#### [What the task asks]
Every line below from the one with "売店では入店の人数制限を実施" through the one with "Skilehrer mit Touristen" is to be repeated exactly, with no picture among them.
·····
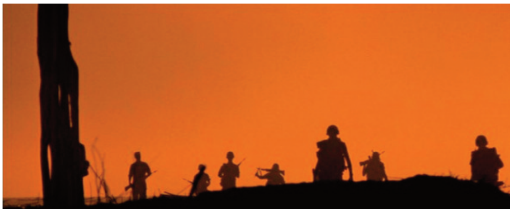
Nato il quattro luglio, 1989, Oliver Stone.
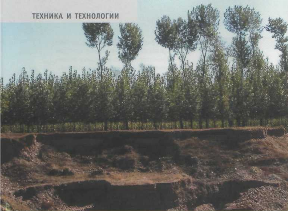
Рис. 6. Полезащитные полосы из тополя
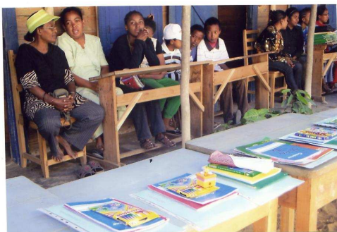
Ecole La Fontaine à Morondava
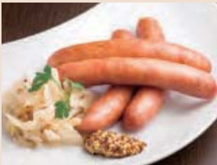
北海道産粗挽ポークウィンナー Pork Sausage from Hokkaido ¥900
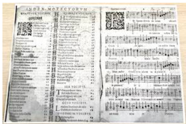
Index. Librete del Altus. Motecta (Venecia, 1597). Francisco Guerrero

https://www.youtube.com/embed/sZfDurkw-9A?iv_load_policy=3&fs=1&origin=https://www.historicalsoundscapes.com
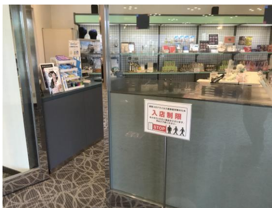
売店では入店の人数制限を実施

ホテル内で密集・密接になりそうな箇所には、立ち位置の表示や入場制限を設けております。 また、至福の湯では、ご利用時間1時間までの制限や同時に入浴可能な人数を男女各10名にするなど、密集・密接を避ける取組を実施しております。
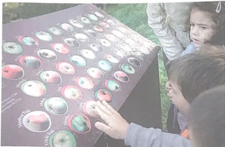
BISITA. Bisita gidatu bat, Sagardoetxea museoan.
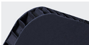
Nidoboard 16 mm nero
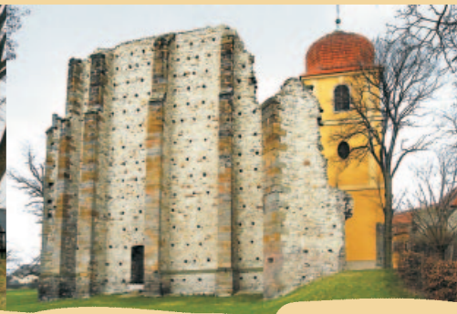
NEDOSTAVĚNÝ CHRÁM V PANENSKÉM TÝNCI
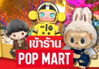
เข้านาน POP MART
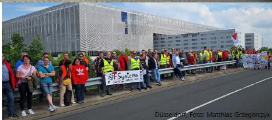
Düsseldorf, Foto: Matthias Grzegorzczak
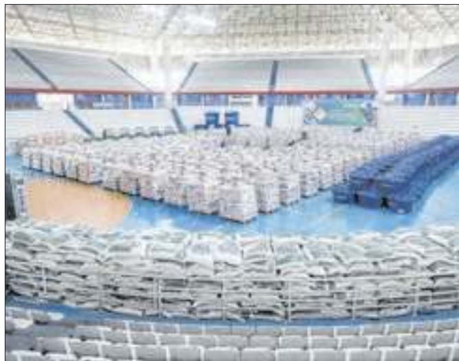
Alimentos doados para ajuda humanitária
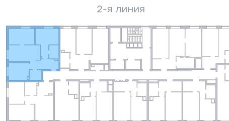
Лесопарк 60-летия Советской вла...
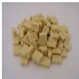
ミニコロカット 高野豆腐 (SN)
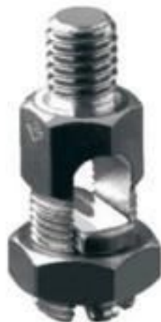
CONECTOR SPLIT BOLT
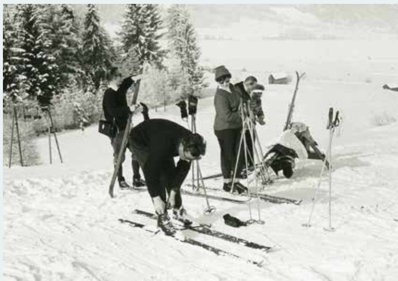
Skilehrer mit Touristen in den 60er Jahren beim Skilift „Keil“ in Oberolang.
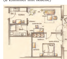
himmelsGlück – Suite Typ 27 mit Balkon im 2. OG – 50 m 2 (2 Zimmer mit Küche)
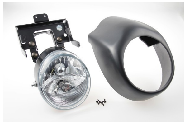
Abb. 2 – Scheinwerferkit „Night-Rod“ mit Halter
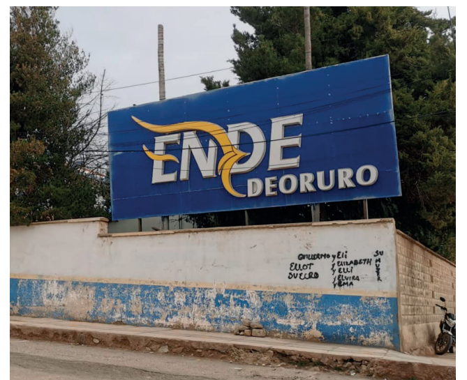
ENDE DeOruro garantizó suministro eléctrico en el departamento

Quispe recomendó que ya desde el lunes, los usuarios con dos facturas vencidas se pongan al día durante las primeras horas de la jornada, para evitar un posterior corte de suministro eléctrico.
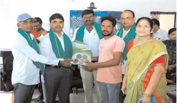
ఉమ్మడి సర్కిల్ బ్యారో అక్షరకలం

కనగల్లో విత్తనమేళా ప్రారంభం ఆరుతడి, ప్రత్యామ్నాయ పంటలపై దృష్టి పెట్టాలని రైతులకు సూచన
·····
#### [Answer to the problem]
売店では入店の人数制限を実施

ホテル内で密集・密接になりそうな箇所には、立ち位置の表示や入場制限を設けております。 また、至福の湯では、ご利用時間1時間までの制限や同時に入浴可能な人数を男女各10名にするなど、密集・密接を避ける取組を実施しております。
BISITA. Bisita gidatu bat, Sagardoetxea museoan.
Nidoboard 16 mm nero
NEDOSTAVĚNÝ CHRÁM V PANENSKÉM TÝNCI
เข้านาน POP MART
Düsseldorf, Foto: Matthias Grzegorzczak
Alimentos doados para ajuda humanitária
Лесопарк 60-летия Советской вла...
ミニコロカット 高野豆腐 (SN)
CONECTOR SPLIT BOLT
Skilehrer mit Touristen in den 60er Jahren beim Skilift „Keil“ in Oberolang.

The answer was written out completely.